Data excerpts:
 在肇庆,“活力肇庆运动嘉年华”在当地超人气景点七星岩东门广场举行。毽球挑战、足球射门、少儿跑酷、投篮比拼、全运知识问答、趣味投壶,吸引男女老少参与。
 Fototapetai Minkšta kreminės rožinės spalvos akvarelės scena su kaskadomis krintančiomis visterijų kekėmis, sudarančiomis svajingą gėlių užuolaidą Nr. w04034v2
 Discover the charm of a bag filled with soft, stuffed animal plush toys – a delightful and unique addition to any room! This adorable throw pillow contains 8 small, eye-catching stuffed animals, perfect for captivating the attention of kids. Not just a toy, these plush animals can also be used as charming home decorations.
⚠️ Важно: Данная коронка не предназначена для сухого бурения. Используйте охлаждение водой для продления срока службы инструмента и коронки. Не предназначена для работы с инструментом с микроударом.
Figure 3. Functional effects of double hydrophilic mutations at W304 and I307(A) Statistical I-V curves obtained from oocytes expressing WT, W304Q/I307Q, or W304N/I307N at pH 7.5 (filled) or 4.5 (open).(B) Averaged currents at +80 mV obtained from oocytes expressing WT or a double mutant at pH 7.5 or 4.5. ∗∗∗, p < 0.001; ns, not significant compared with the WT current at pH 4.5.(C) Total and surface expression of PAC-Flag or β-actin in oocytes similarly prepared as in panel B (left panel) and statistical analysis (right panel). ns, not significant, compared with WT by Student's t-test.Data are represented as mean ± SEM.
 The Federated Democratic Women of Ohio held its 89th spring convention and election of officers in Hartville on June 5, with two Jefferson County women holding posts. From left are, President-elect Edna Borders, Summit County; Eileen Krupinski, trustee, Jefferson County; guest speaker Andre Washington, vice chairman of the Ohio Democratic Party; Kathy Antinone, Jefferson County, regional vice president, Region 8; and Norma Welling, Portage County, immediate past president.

WHAT THIS TASK INVOLVES:
A complete, exact transcription of the data above is the required answer.

EXERCISE OUTPUT:
 在肇庆,“活力肇庆运动嘉年华”在当地超人气景点七星岩东门广场举行。毽球挑战、足球射门、少儿跑酷、投篮比拼、全运知识问答、趣味投壶,吸引男女老少参与。
 Fototapetai Minkšta kreminės rožinės spalvos akvarelės scena su kaskadomis krintančiomis visterijų kekėmis, sudarančiomis svajingą gėlių užuolaidą Nr. w04034v2
 Discover the charm of a bag filled with soft, stuffed animal plush toys – a delightful and unique addition to any room! This adorable throw pillow contains 8 small, eye-catching stuffed animals, perfect for captivating the attention of kids. Not just a toy, these plush animals can also be used as charming home decorations.
⚠️ Важно: Данная коронка не предназначена для сухого бурения. Используйте охлаждение водой для продления срока службы инструмента и коронки. Не предназначена для работы с инструментом с микроударом.
Figure 3. Functional effects of double hydrophilic mutations at W304 and I307(A) Statistical I-V curves obtained from oocytes expressing WT, W304Q/I307Q, or W304N/I307N at pH 7.5 (filled) or 4.5 (open).(B) Averaged currents at +80 mV obtained from oocytes expressing WT or a double mutant at pH 7.5 or 4.5. ∗∗∗, p < 0.001; ns, not significant compared with the WT current at pH 4.5.(C) Total and surface expression of PAC-Flag or β-actin in oocytes similarly prepared as in panel B (left panel) and statistical analysis (right panel). ns, not significant, compared with WT by Student's t-test.Data are represented as mean ± SEM.
 The Federated Democratic Women of Ohio held its 89th spring convention and election of officers in Hartville on June 5, with two Jefferson County women holding posts. From left are, President-elect Edna Borders, Summit County; Eileen Krupinski, trustee, Jefferson County; guest speaker Andre Washington, vice chairman of the Ohio Democratic Party; Kathy Antinone, Jefferson County, regional vice president, Region 8; and Norma Welling, Portage County, immediate past president.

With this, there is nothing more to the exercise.